There is a famous triangle which outlines that you cannot have all three at the same time. If you increase functionality it’ll cost money and most likely performance will suffer. If you want to decrease cost you will need to give in on certain features, functions and/or performance expectations. Since the activities mentioned previously did not take performance or features into account and just wanted to use the functionality of having systems quickly deployed there was no investment on the hardware side so older kit was used to hook up this T/D and use the ISL’s between the switch in the storage room and the the one in the prod-room.

Performance bottleneck

Normally you’ll see a performance bottleneck in the centre of a edge-core-edge fabric (which is a bad design anyway) most often due to under-provisioning of ISL’s which cause congestion. In this case however the bottleneck was not the link between the storage and production rooms but is was the victim of the low bandwidth and higher latency of the older equipment in the T/D environment.

The extensive use of virtual machines in the T/D environment ensured maximum flexibility but what wasn’t taken into account is that hypervisors are extremely good in caching. They try to maximize memory utilization to keep as much as possible of a VM in memory. When the VM shuts down it’ll flush that memory with pleasure back to disk to be able to allocate that memory to other running VM’s. This goes hand-in-hand with very high IO chunk-sizes which will significantly use bandwidth. Since Fibre-Channel is using a buffer-to-buffer credit mechanism you can imagine that when a gigabyte or more of data (the cached content of a VM) is pushed to a somewhat older storage array there will be a significant pressure on the storage system on the other side. If it becomes to busy it will just elongate offloading data from the FCP stack which causes credit back-pressure onto the switchport. Basically the switch does not receive an R_RDY (Receiver Ready) primitive to allow it to send another frame. If this goes on long enough even the ISL’s will observe the same phenomenon. The switch in the production room does not get these primitives from the remote side in order to send a frame. Let me be clear : “A frame” (with a capital A) . This is irrespective of the source of that frame basically meaning that every system, whether being dev, test or production and irrespective of application, sits on the backseat waiting to be able to traverse that ISL.

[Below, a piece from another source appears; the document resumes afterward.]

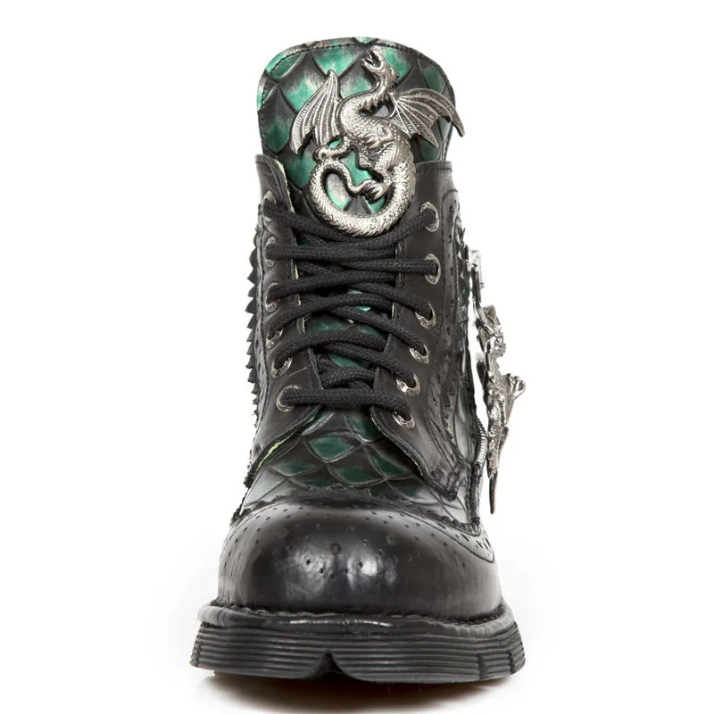 Le moins que l’on puisse dire c’est qu’elles en jettent non ? Ces bottines en cuir noir et vert sont agrĂ©mentĂ©es de deux gros dragons en mĂ©tal

You can imagine that the more busy the T/D systems push their storage the more severe this problem becomes and eventually will lead to timeouts, framedrops and IO retries.

The solution

There are basically two solutions to this. An expensive one or a smart one. I chose the latter. I’m not a sales commission. 🙂

The expensive one obviously would be to physically separate the two environments but that would include purchasing new switches, replacing HBA’s or SFP due to an revision incompatibility etc.

What I advised is to utilize the virtual fabrics feature to logically separate the two environments into their own logical fabric. The only physical change was adding a new ISL and some re-cabling to isolate the ISL’s onto their own ASIC’s to prevent further sharing of links inside the switches. This prevented not only isolation of traffic but also segregation of fabric services. This will prevent potential firmware/driver/OS issues having an adverse effect on the production systems in the event they conflict with processes like fabric-controller, nameserver etc. An additional benefit was that the administrators of the T/D environment now can make their own changes like zoning and generic port configurations without influencing (or even having access) to production systems. This provides stability and piece-of-mind.

As you can see there is more than meets the eye when designing a fabric-infrastructure and trying to incorporate a multipurpose environment onto a single physical infrastructure.

Cheers, Erwin

PS. as always, pardon my drawing skills.

2 responses on “Speed mismatch is the death-trap for shared storage”

gcharriere 12/06/2014 at 17:27

Hi Erwin,

Another solution could be TI zones… Maybe in your next post?

Regards,
Gael
1. Erwin van Londen Post author13/06/2014 at 11:44
  
  Hi Gael,
  
  From a technical flow control perspective this would have been an option however I also wanted to segregate the functional part so that from an administrative point of view there was much more flexibility and less room for error. The concept of TI zones (which in essence is just a routing adjustment) may become even dangerous if it not set-up and administered correctly.
  
  Food for thought indeed. 🙂
  
  Regards,
  Erwin